To tell this story, properly, I am going to have to reveal my daughter's first name, not her middle name.My daughter Rose(reallyKatherine), age 28, is a writer and human rights lawyer. She helped write the book, Guantanamo and the Abuse of Presidential Power. Did I always know she was going to be a writer? The first indication came when she was under two. We had spelled Katherine with a K because we intended to call her Katie. She stopped being Katie the minute she told me: "It makes me sad, mommy, that you call me Katie when my name is Katherine." We never called her Katie again. How long had she realized her family did not know her name?Did she take weeks crafting such a perfect sentence that demanded and got perfect compliance?

Her dad Chris remembers: "Katherine has displayed single-minded determination in everything she has undertaken. She became interested in the planets when she was two. She learned not only the names of the planets and their positions, but also the names of all their satellites. She made up stories about the planets, and at one point every member of the family had a planet name. " I was happy my name was earth.
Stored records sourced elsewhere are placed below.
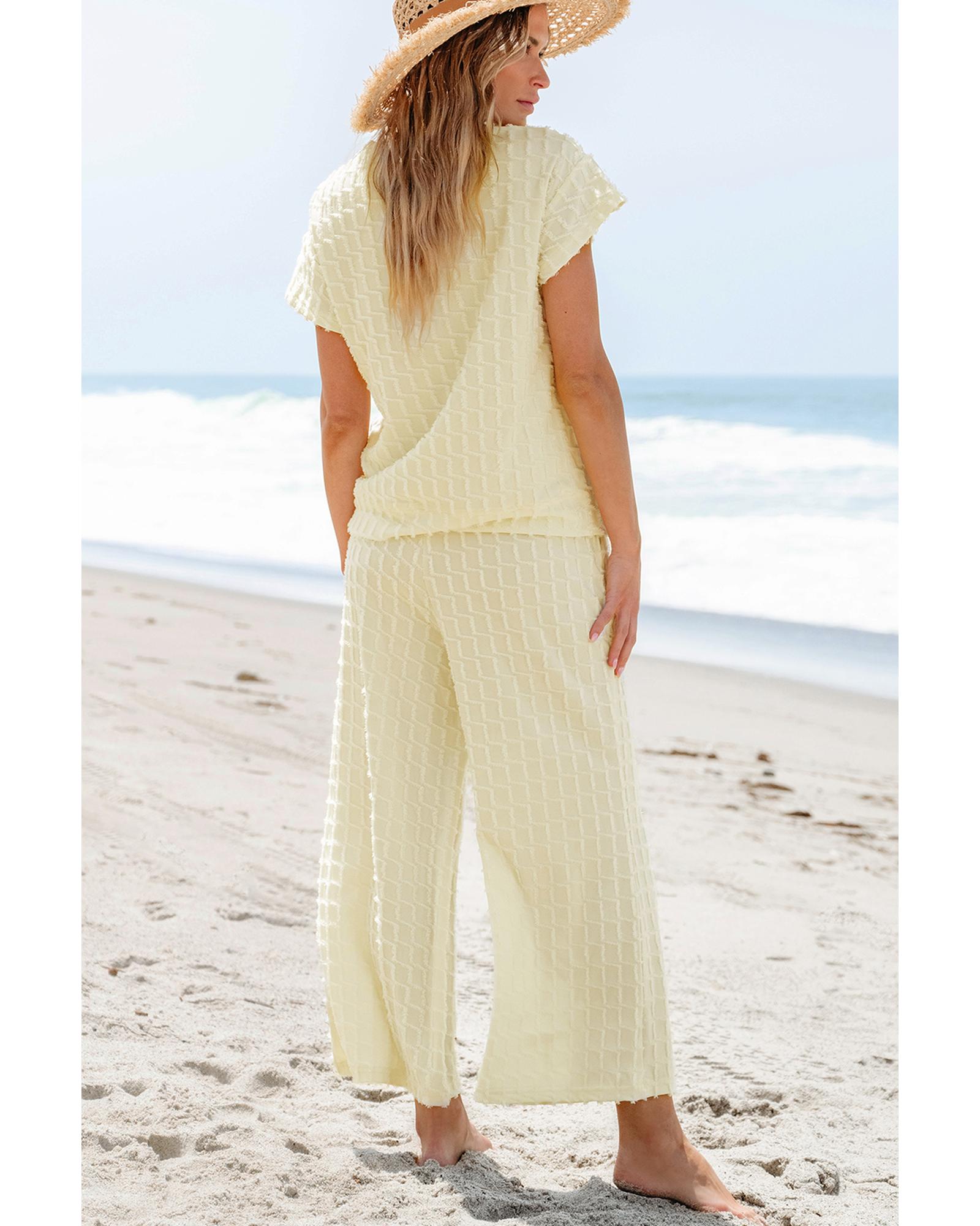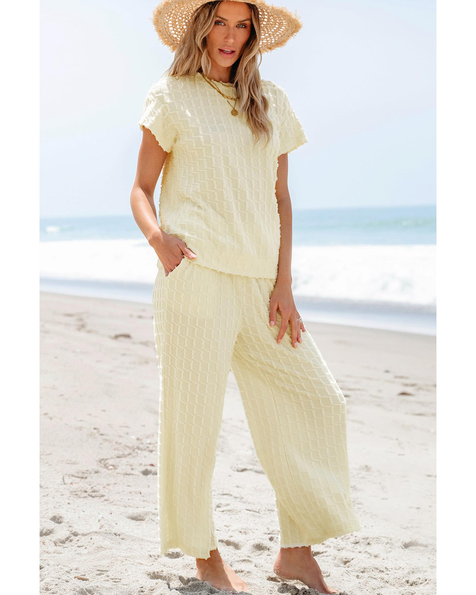 Apricot Metallic Lattice Textured Casual Two Piece Set – L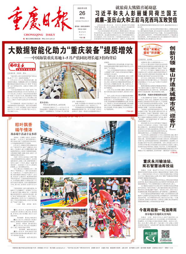 近日,重慶日?qǐng)?bào)頭版頭條以《大數(shù)據(jù)智能化助力“重慶裝備”提質(zhì)增效——中國海裝重慶基地1-5月產(chǎn)值同比增長(zhǎng)超3倍的背后》,為題對(duì)中國船舶集團(tuán)旗下中國海裝進(jìn)行了報(bào)道,文章對(duì)后疫情時(shí)代,中國海裝如何履行央企責(zé)任,做好“六穩(wěn)”工作,落實(shí)“六保”任務(wù),助力重慶裝備制造業(yè)穩(wěn)步復(fù)蘇,奮力實(shí)現(xiàn)高質(zhì)量發(fā)展的舉措與成效進(jìn)行了深入分析。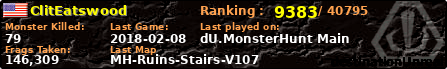 | Server | Map | LastGame | Score | Teamscore | Monsterleft | Deaths | Suicides | TKs | Distance | Playtime | |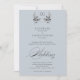 Dusty Blue Olive Branch Monogram Photo Wedding Inbjudningar

She started kindergarten before she was five since she is a November baby. She absolutely refused to write stories using the words the teacher gave the class. "Writers use their own words," she insisted. I deluded myself that I was articulate until I had Katherine.
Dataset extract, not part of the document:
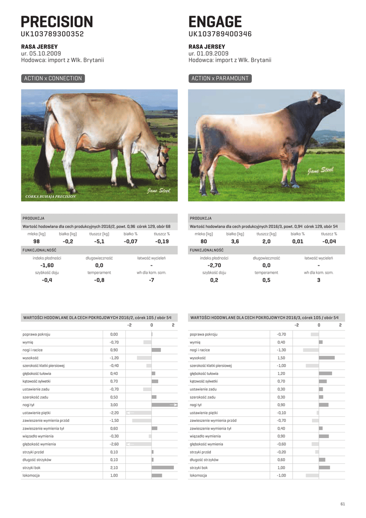 PRECISION ENGAGE UK103789300352 UK103789400346 RASA JERSEY ur. 05.10.2009 Hodowca: import z Wlk. Brytanii RASA JERSEY ur. 01.09.2009 Hodowca: import z Wlk. Brytanii ACTION x CONNECTION ACTION x PARAMOUNT CÓRK A BUHAJA PRECISION PRODUKCJA PRODUKCJA Wartość hodowlana dla cech produkcyjnych 2016/2, powt. 0,96 córek 129, obór 68 Wartość hodowlana dla cech produkcyjnych 2016/3, powt. 0,94 córek 129, obór 54 mleko (kg) białko (kg) tłuszcz (kg) białko % tłuszcz % mleko (kg) białko (kg) tłuszcz (kg) białko % tłuszcz % 98 -0,2 -5,1 -0,07 -0,19 80 3,6 2,0 0,01 -0,04 FUNKCJONALNOŚĆ FUNKCJONALNOŚĆ indeks płodności długowieczność łatwość wycieleń indeks płodności długowieczność -1,60 0,0 - -2,70 0,0 - szybkość doju temperament wh dla kom. som. szybkość doju temperament wh dla kom. som. -0,4 -0,8 -7 0,2 0,5 3 WARTOŚCI HODOWLANE DLA CECH POKROJOWYCH 2016/2, córek 105 / obór 54 -2 0 łatwość wycieleń WARTOŚCI HODOWLANE DLA CECH POKROJOWYCH 2016/3, córek 105 / obór 54 2 -2 poprawa pokroju 0,00 poprawa pokroju wymię -0,70 wymię 0,40 nogi i racice 0,90 nogi i racice -1,30 wysokość -1,20 wysokość 1,50 szerokość klatki piersiowej -0,40 szerokość klatki piersiowej -1,00 głębokość tułowia 0,40 głębokość tułowia 1,20 kątowość sylwetki 0,70 kątowość sylwetki 0,70 ustawienie zadu -0,70 ustawienie zadu 0,30 szerokość zadu 0,50 szerokość zadu 0,30 nogi tył 3,00 nogi tył 0,90 ustawienie piętki -2,20 ustawienie piętki -0,10 zawieszenie wymienia przód -1,50 zawieszenie wymienia przód -0,70 zawieszenie wymienia tył 0,60 zawieszenie wymienia tył 0,40 więzadło wymienia -0,30 więzadło wymienia 0,90 głębokość wymienia -2,60 głębokość wymienia -0,60 strzyki przód 0,10 strzyki przód -0,20 długość strzyków 0,10 długość strzyków 0,60 strzyki bok 2,10 strzyki bok 1,00 lokomocja 1,00 lokomocja -1,00 0 2 -0,70 61

Katherine is well known in political blogs as simply Katherine. Katie wouldn't have had the same dignity. She started writing on torture and extraordinary rendition when she was in law school and didn't want to make herself unemployable by revealing her full name. Try a google search on Katherine and "Obisidian Wings."

Katherine once told me: "You are more responsible than any other person for my being able to write like this--in fact, it's not even close." I felt like I had received the Nobel Prize for motherhood. and have contributed significantly to make the world a better place. The entire family is in awe of Katherine. Yet she is the sweetest, most loving woman imaginable who has been an incredible support to me during episodes of my illness. She comes across as quiet and shy.
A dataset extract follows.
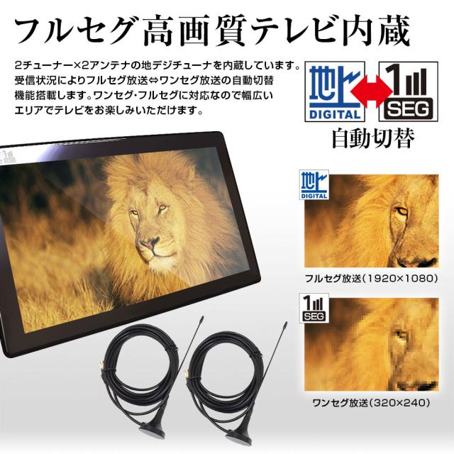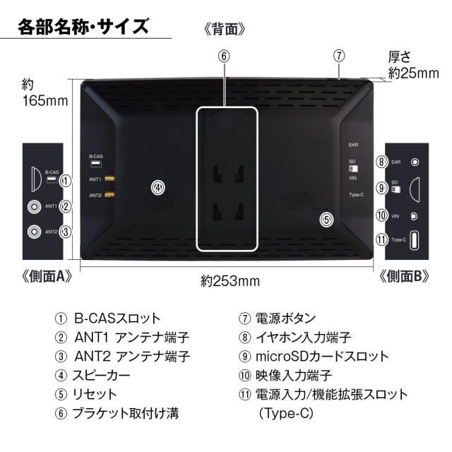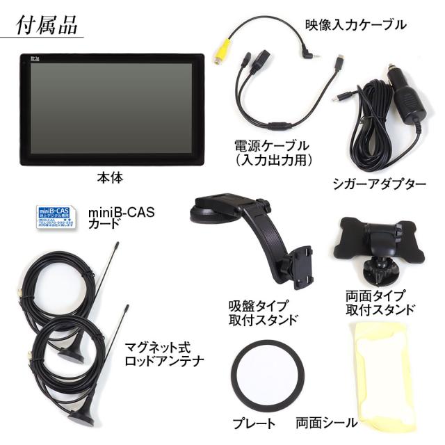 | 表示液晶 : 10.1インチ高解像度IPSタッチパネル液晶 画素数:1024×600pixel チューナー:2チューナー&2アンテナ 放送方式:地上デジタル放送方式(日本) 入力電圧:DC12V/24V サイズ:約254(W)×約156(H)×約24(D)mm(本体最大部・スタンド含まず) 重量:約650g 保証期間:1年間保証 |

And yet Katherine's brilliant intensity made her a very challenging child to mother. Thankfully, she was born at home, slept in our bed her first year, nursed for more years than I am willing to admit in a public forum. Because she was my third child, I was much freer to trust my instincts. She is also the daughter most like me. If I wanted to know how I was really feeling when she was a baby, I just had to watch her reactions.

My Katherine stories are often a great comfort to mothers worrying if their child is destined for sainthood or schizophrenia. In my post on my so-called normal children I described her: "The writer had meltdowns because the new washing machine wasn't blue; the pretty blue rental car had vanished; her aunt and uncle didn't have a second child her age; she was not attending a school that closed three years previously; there wasn't enough snow; election day would be a day before her 18th birthday three years from now. Her tantrums were reserved for the existential order of the universe; I could do nothing to assuage her anguish. " When I read her passionate poltical writings, I recognize the same Katherine, who has found the perfect outlet for her intensity.

Marrying the perfect husband at age 23 was the most important thing of all.